It will be with a sense of déjà vu that you read that the main news item for expats continues to be Covid-19 and the pandemic’s various ramifications, mainly to do with travel. Our main suggestion is to do what most of you are doing already: keeping an eye on government regulations and recommendations, and making arrangements accordingly.This is obviously difficult: different countries are at different stages of the pandemic. The UK government, for instance, has backtracked on a number of options, such as placing travellers in voluntary quarantine. At the time of writing, the UK is discussing the possibility of opening up ‘air bridges’ (originally a military term) between itself and some European nations, such as Spain. According to the latest talks, Britons may be allowed to skip quarantine and travel to countries such as Greece, Spain, Australia, Portugal and France very soon. Airlines originally drew up a list of 45 countries but this has been reduced.
At the moment travellers arriving in the UK, with a small number of exceptions, must quarantine for 14 days and must fill out a form giving an address. You can face fines if you disobey the rules.
Keep watching the news, as this will significantly affect flights and other forms of travel. Two things need to happen for international travel to be green-lighted: the Daily Telegraph reports that travel will only be allowed after advice from the chief medical officer provides advice on each country, and in addition the Foreign Office will need to lift its ban against non-essential travel to those countries. Governments, airlines and travellers alike welcome the news, however, with the Portuguese Ambassador to the UK stating that Portugal is looking forward to welcoming British visitors back again.

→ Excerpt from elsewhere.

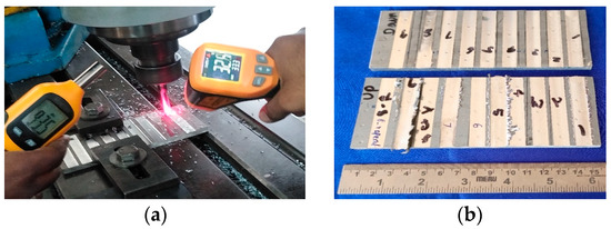 Experimental setup: (a) Close view of sound and temperature measurement for fifth exp. in down-milling; (b) workpieces after up- and down-milling process (150 × 70 × 6 mm-l × b × t).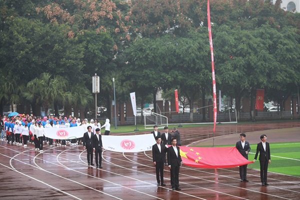 庄严肃穆的升国旗仪式后,院长刘立云致开幕辞。他说,在这个细雨飘飘的日子,在欢庆祖国70周年华诞、喜迎川音建校80周年的美好时刻,2019年全校运动会隆重召开。运动会是学校全面贯彻落实党的教育方针,活跃师生文化生活的重要举措,也是对学校体育工作的一次检阅,更是川音人不忘初心、不怕困难、迎难而上精神的集中体现。他指出,全校师生要以本次运动会为契机,进一步树立快乐学习、健康工作的理念。在紧张的学习工作之余,积极参加各项体育运动,享受阳光体育,拥抱美好生活。他希望,运动员精神饱满,斗志昂扬,服从裁判,规范参赛,赛出风格,赛出水平;希望裁判员和工作人员忠于职守,公正裁判,热情服务,创造和维护良好的比赛秩序;希望师生观众服从大会管理,团结友爱,文明守纪。预祝本次运动会取得圆满成功。

However, if you do manage to get away, you will notice some changes. Some countries are using Covid and the disruption it has caused to revise their policies towards tourists: party boats have been banned in Majorca, Menorca, Formentera and Ibiza in an apparent attempt to maintain social distancing policies but also to cut down on some of the drink-fuelled tourist excesses which have been a feature of some resorts in recent years, although there have been denials that this is a specific aim. Bars may also be due to close around 10 pm. The Balearic authorities have demonstrated a wish to clamp down on hard-drinking tourists and attract a more family oriented demographic and it may be that the pandemic has provided them with the opportunity to finally do so.

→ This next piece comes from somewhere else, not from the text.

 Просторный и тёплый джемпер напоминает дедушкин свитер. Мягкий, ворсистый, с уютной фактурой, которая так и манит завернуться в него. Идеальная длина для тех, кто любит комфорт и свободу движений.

The pandemic is affecting different countries in different ways. In the UK, the incidence of Covid-19 in care homes has been an area for concern and a burgeoning scandal, whereas in Singapore the disease has had a major impact on the overseas worker community. According to the Singapore News, dozens of Covid clusters connected to foreign worker dorms have been identified to date, including Singapore’s largest cluster of over 2,700 cases. Around 400,000 workers live in dorm residences. As of mid June, around 75,000 Covid-free workers in dorms have been moved to cleared premises, but the country is planning a forecast of dorms and blocks to be cleared on into August.
New Zealand has had a low incidence of Covid due to its prompt action on strict lockdown, but in June two women coming in from the UK were tested positive for the illness – after they had made a 400 mile round-trip in New Zealand. They did so after being released from quarantine on compassionate grounds to visit a dying relative, but PM Jacinda Ardern suspended the programme that allows early release and says that New Zealand’s successful virus response should not be undermined. So expect some strict border controls if you are coming into the country.
The Dubai-based Al Bayan newspaper reports that the Director of Public Health at the Gulf Health Council, Dr. Ahmed Al Ammar, has stated that the Gulf countries may not witness a second wave of the spread of Covid 19, due to lockdown policies in the region. We have reported elsewhere in this newsletter, however, that many foreign workers, mainly Egyptian, Indian, Filipino and Pakistani, have been leaving the region in droves, due to the impact of the pandemic on economic stability.
Meanwhile, SAGA has refunded £44 million of advance payments to customers whose travel was disrupted by the pandemic. The group suspended travel operations in mid-March and cancelled all departures up to and including August. Customers have either had a refund or been booked on future trips.
The Scottish government has issued guidelines for second home owners as the country eases out of lockdown and has at the time of writing has had no new reported Covid cases for six days. You can travel to a second home to deal with an emergency, such as a mains water leak or break-in. Once there, you may remain there, but you should only do so for as long as is reasonably necessary to deal with the emergency.
From 29 June 2020, you can travel to a second home to check that it is secure and in good condition. Again, once there, you may remain there, but only for as long as is reasonably necessary. You are not allowed to travel to your second home for leisure purposes and you can’t let your second home out, either.
Note that the restrictions are different when it comes to England. As of June you are still not permitted to stay overnight away from the place where you or your support bubble are living – for a holiday or similar purpose – in the UK or overseas. This includes staying overnight in a second home.
As with other travel arrangements, keep an eye on the news over the next few days as the situation is changing rapidly.